ReadTrip is a curiosity engine for kids (ages ~5–12) that turns “why is the sky blue?” into a guided learning session. A child picks any topic — or one from a dynamically generated map of branches — and the app produces a kid-friendly explanation at exactly their reading level, checks understanding with a short quiz, rewards the effort with points and badges, and lets the child steer where to explore next. The same product spans early readers and tweens by adapting reading level rather than shipping separate apps.
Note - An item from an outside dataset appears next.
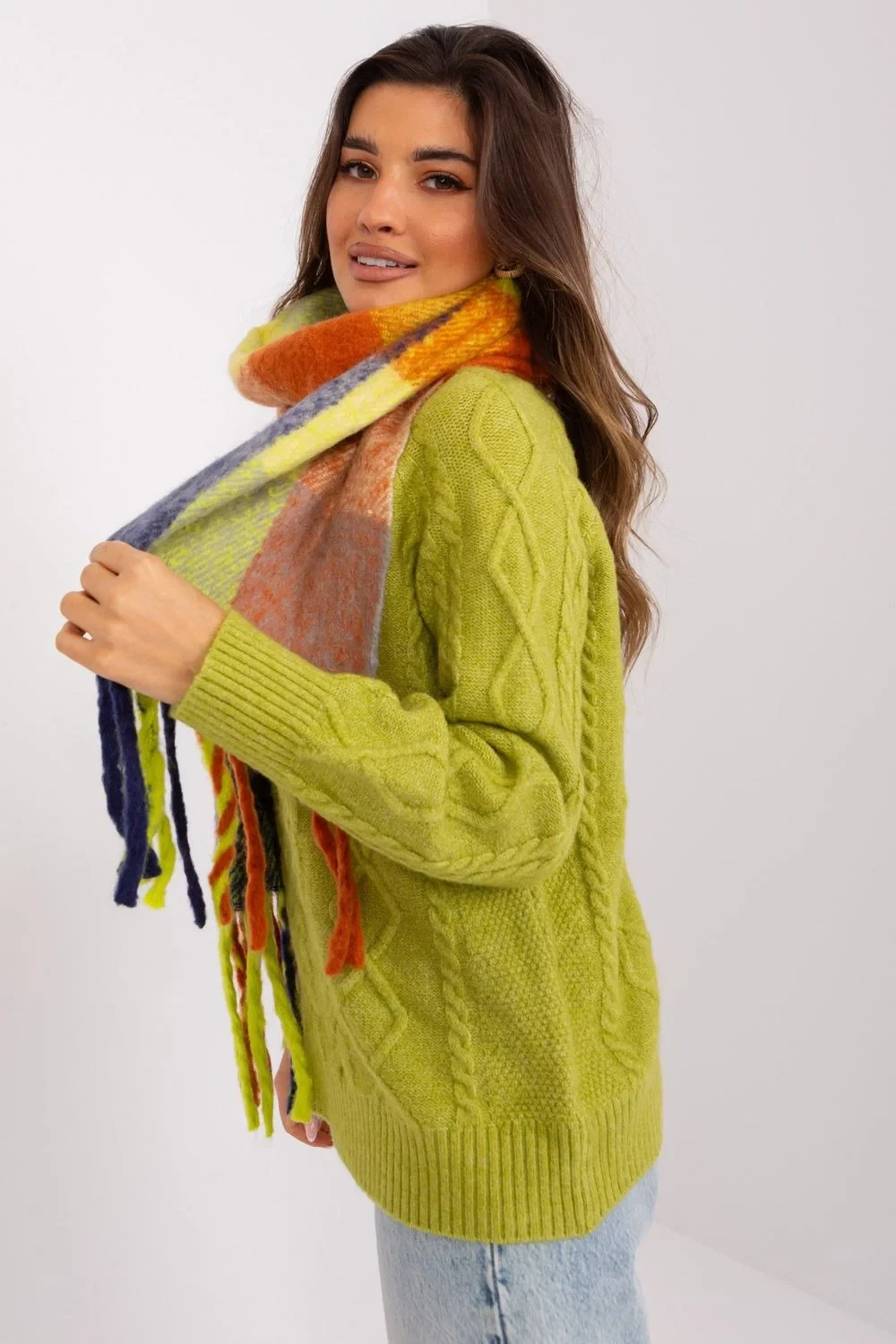 Tato dlouhá barevná kostkovaná šála je dokonalým doplňkem vašeho podzimního/zimního šatníku. Je vyrobena z odolného polyesteru a je nejen praktická, ale také stylová. Střapce jí dodávají jemnost a lehkost. Délka šály umožňuje různé způsoby nošení, můžete si ji omotat kolem krku, nechat ji volně na ramenou nebo ji použít jako další vrstvu v chladnějších dnech. Ať už ji budete nosit jakkoli, tato šála bude stylovým doplňkem vašeho šatníku a dodá mu charakter a teplo.
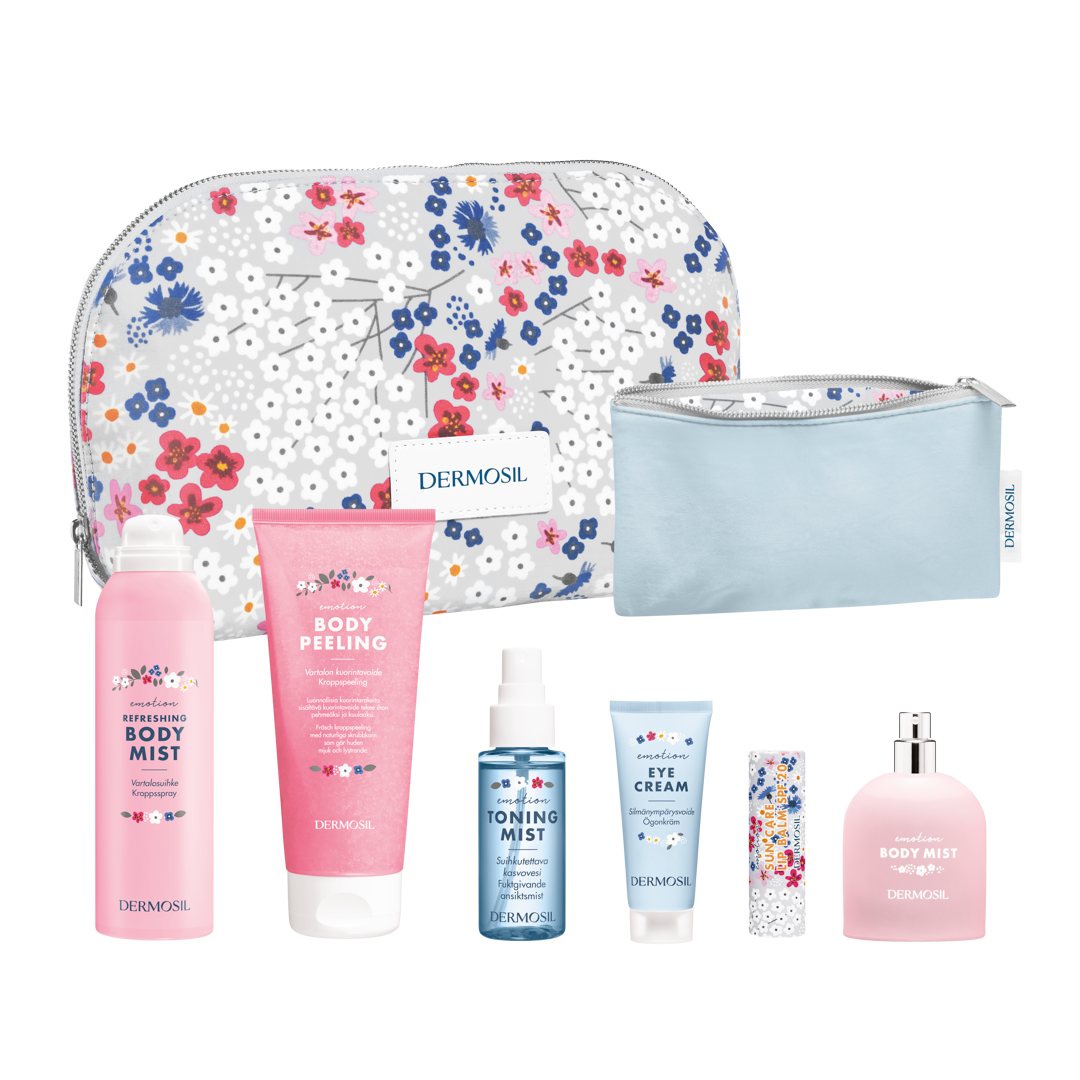 Dermosil Emotion Kroppspeeling är en mjuk och effektiv kroppspeeling med naturliga peelingkorn som lämnar huden slät och fräsch. Dermosil Emotion Kroppsspray är en lätt doftande kroppsspray som fräschar upp utan att kännas tung. Dermosil Emotion Kroppsmist används som en parfym, spraya på huden eller kläderna och låt torka. Doften är en blandning av fläder och rabarber med inslag av svartvinbär, viol och röda frukter.

The core loop — Calibrate → Explore → Read → Quiz → Reward → Steer — repeats as the child jumps from topic to topic, with a one-time calibration mini-game setting a starting reading level that then continuously refines itself from quiz results.


A few things made this one fun to build:
- The design system. Every screen leans into a hand-drawn notebook-paper aesthetic — sketchy borders, a wordmark that looks hand-lettered, sticky-note topic cards, a torn-paper texture underneath it all. It’s playful and distinctly “for kids” without tipping into clutter, and it’s a real component library (buttons, inputs, modals, progress bars) with visual regression tests, not just one-off styling.
- Adaptive difficulty. Reading levels vary wildly between kids, so getting the starting point and the ongoing adjustment right is a real calibration and online-adaptation problem, not a prompt trick.
- Model routing + prompt caching. Generation is routed across Haiku/Sonnet/Opus by task, with stable system prompts cached, to keep cost and latency low even as content is generated at scale.
- Evals, not vibes. Reading-level accuracy, quiz quality, and factual grounding are measured by a versioned eval harness rather than assumed to work.
- Child safety, end to end. Since this is a product for children, every path that generates or surfaces content — explore, lesson, quiz, and world-map suggestions — is guarded by layered, defense-in-depth checks: a deterministic rules layer, a Haiku classifier, guarded system prompts, and an output scan that runs server-side on everything the model produces. A blocked topic gets a warm redirect, never a cold error.
Built with Next.js (App Router), TypeScript, and the Claude API for all generation.